The property division (formally COMPROP) is responsible for the acquisition and development of commercial and residential property which is then sold or retained for letting.

==Former operations==

=== Large supermarkets ===
In October 2010 it was announced that contracts had been exchanged for the sale of the three major Checkers supermarkets, at Redhouse's and Rue des Pres in Jersey and Admiral Park in Guernsey, to Waitrose. The deal was subject, amongst other things, to the approval of the Jersey Competition Regulatory Authority. Financial details of the transaction were not disclosed.

===Safeway===

Safeway (Channel Islands) logo

Between 2005 and 2011, CI Traders/ Sandpiper CI operated the Safeway stores in Guernsey and Jersey. When Safeway was bought by Morrisons, the decision was made to sell the Safeway Channel Islands stores, where the stores joined SandpiperCI until they were purchased by Waitrose and converted.

===CI Hospitality===
CI Hospitality operates in excess of 80 pubs across the islands. The hospitality division is now run separately as Liberation Group.

=== Cimandis ===
A foodservice wholesale and distribution business, Cimandis, was sold to Bidvest 3663 in 2015. As of 2019, the business continues to be branded Cimandis Foodservice.
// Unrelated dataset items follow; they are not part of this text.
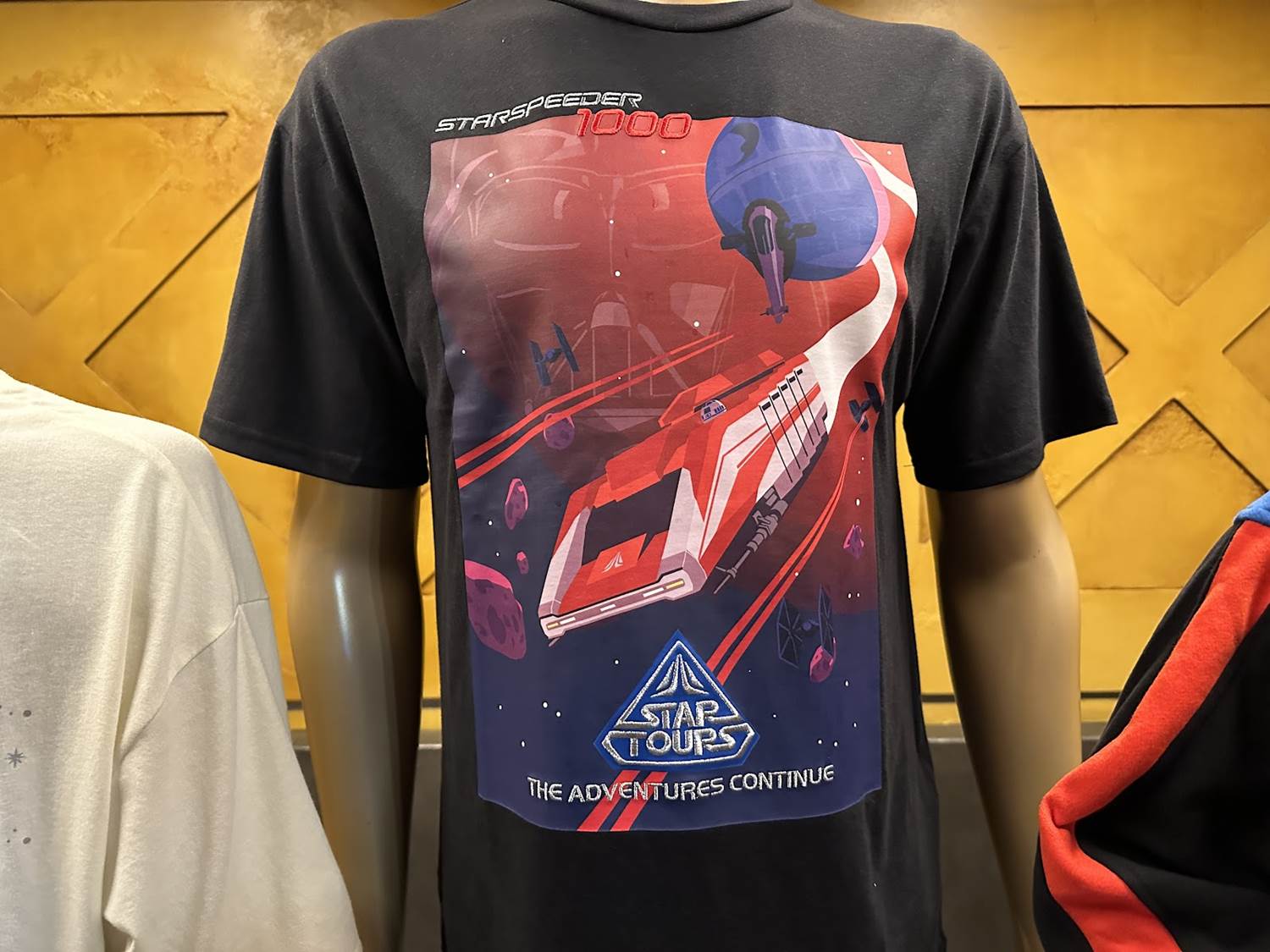 For more updated fun, a new shirt also sports the Starspeeder 1000 in a poster-style print that features many of the visuals one might see on the attraction - namely from the original trilogy of Star Wars films. This includes TIE fighters, Boba Fett’s ship, the Death Star, and Darth Vader ominously embedded behind the striking visuals.
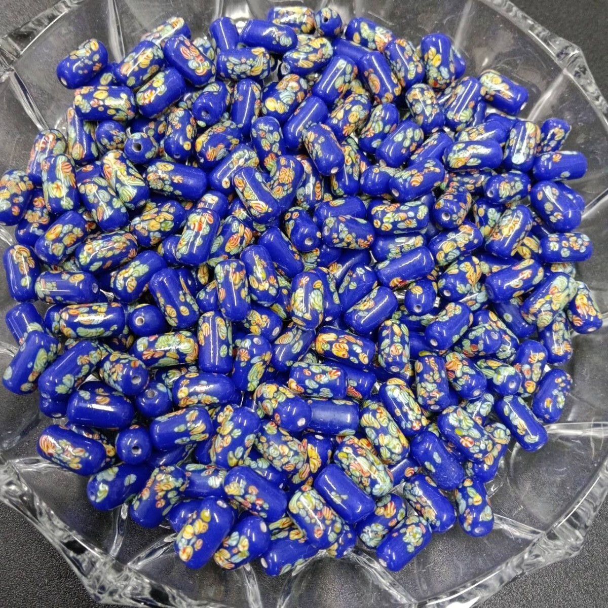 > ☆未使用 約190個 大量 チェコ トンボ玉 ガラスビーズ 359g 12×7mm ブルー ネイビー 大粒 ヴィンテージ ハンドメイド アクセ S-340
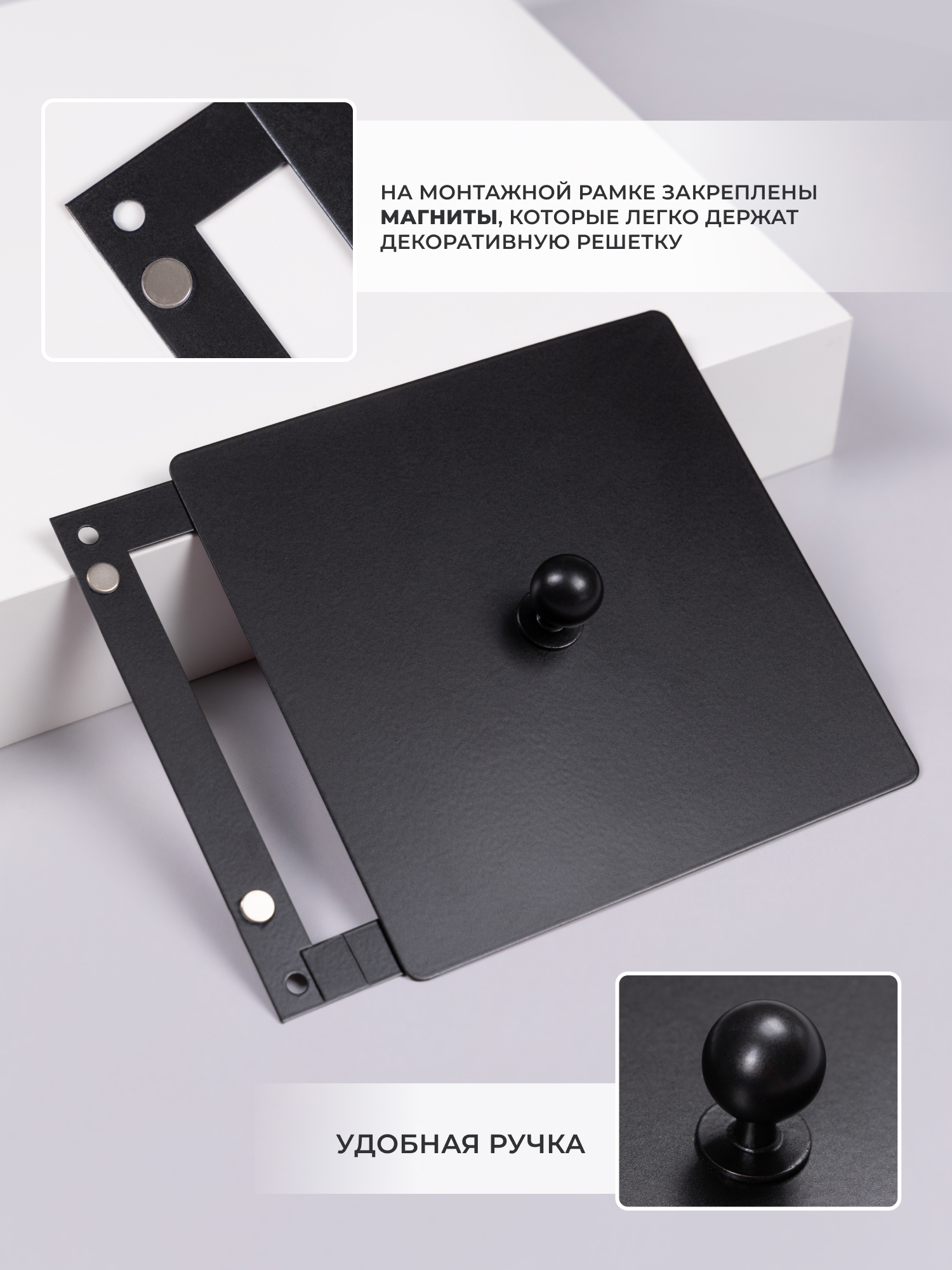 Декоративный люк состоит из 2-х частей. Рамка крепится к стене с помощью саморезов, а декоративная панель фиксируется к рамке с помощью магнитов. Передняя панель плоская  и по центру панели имеется удобная ручка для быстрого снятия. Люки используются для доступа к скрытым коммуникациям, счетчикам, датчикам, нишам и тд. Выполнен из стали и окрашен в печи. Подходит для установки на стену.
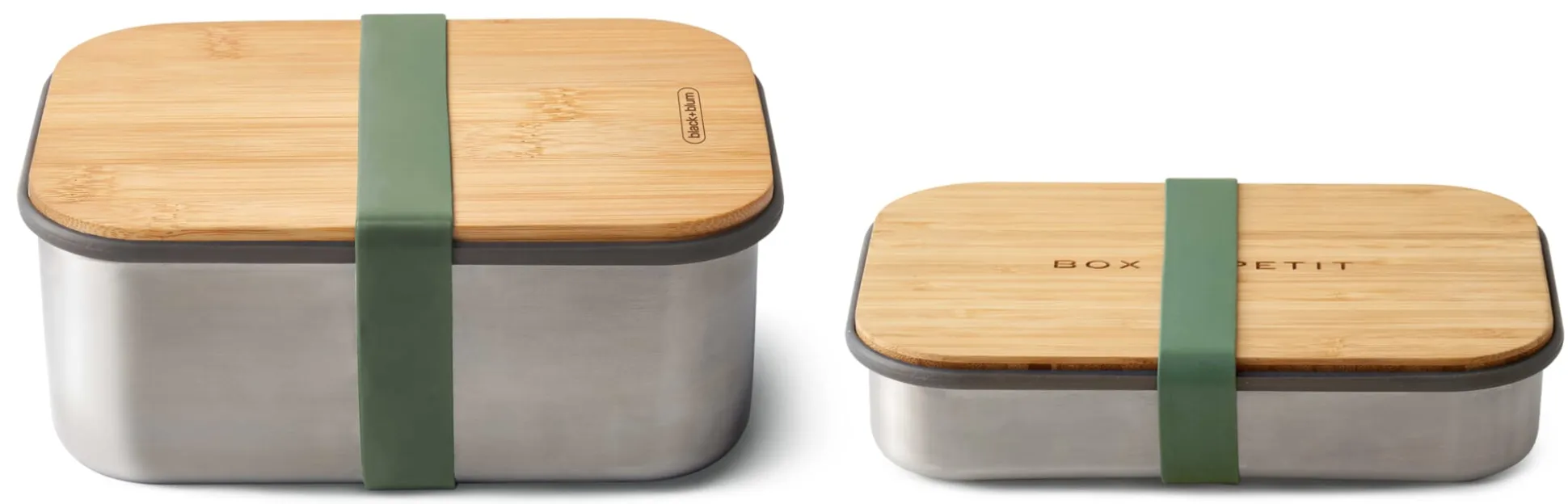 Vom Gummiband gehalten, mit Gummilippe abgedichtet: Edelstahldose mit Holzbrett als Deckel, Schneide- oder Servierbrett. Die Edelstahlbox schützt den Inhalt und das Silikonband bietet zusätzliche Sicherheit.
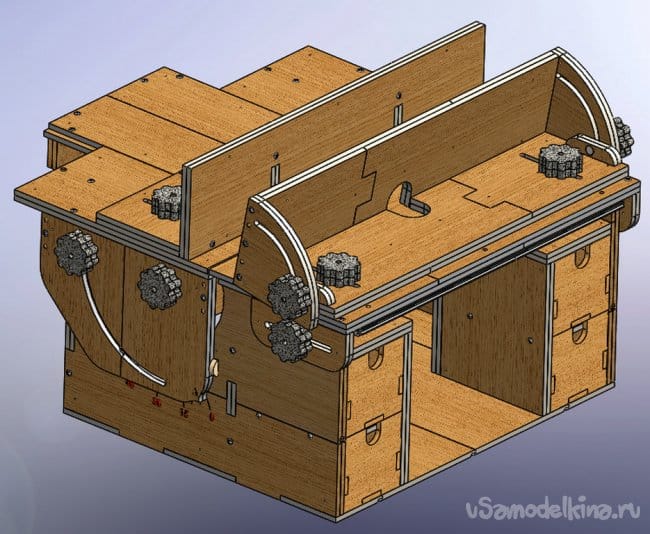В принципе все готово и можно приступать к вырезанию деталей, склейке половинок и окончательной сборке стола. Частично процесс сборки будет показан на фотографиях ниже.
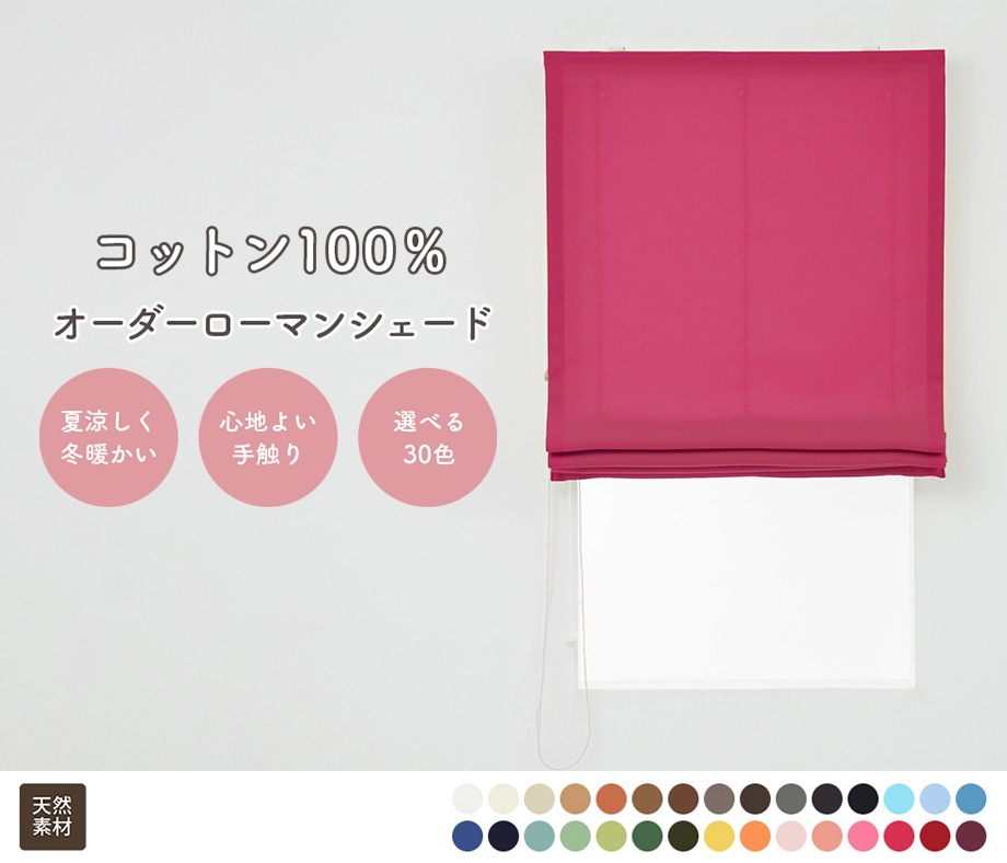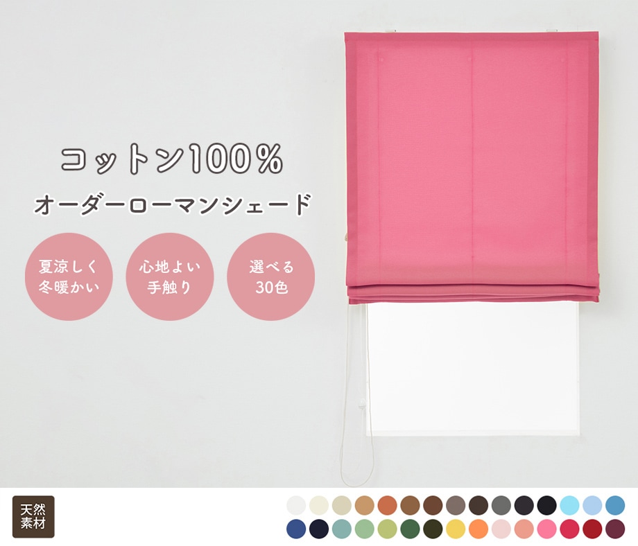【幕体のみ】綿(コットン)100% 無地 さらっとした触り心地のオックス織り天然素材ローマンシェード チェリーピンク【買い替え用】

===Gourmet Burger Kitchen===
In 2013, SandpiperCI operated two Gourmet Burger Kitchen restaurants in Guernsey and Jersey.

=== L'Abeille ===
L'Abeille, a French soft drinks manufacturer based in Nantes, was bought by a Jersey brewer in 1989 and merged to form Channel Islands Traders in 2002. The business was sold in 2009.

===Pet and Home Discount Centre===
In 2014, Sandpiper started its Pet and Home Discount Centre branded 'shop-in-shops'. Three stores opened in Jersey, and one opened in Guernsey. All stores quietly closed the same year. The 'shop-in-shop' areas that Pet and Home Discount Centre took up now house Checkers Xpress, Iceland, and Wine Warehouse stores.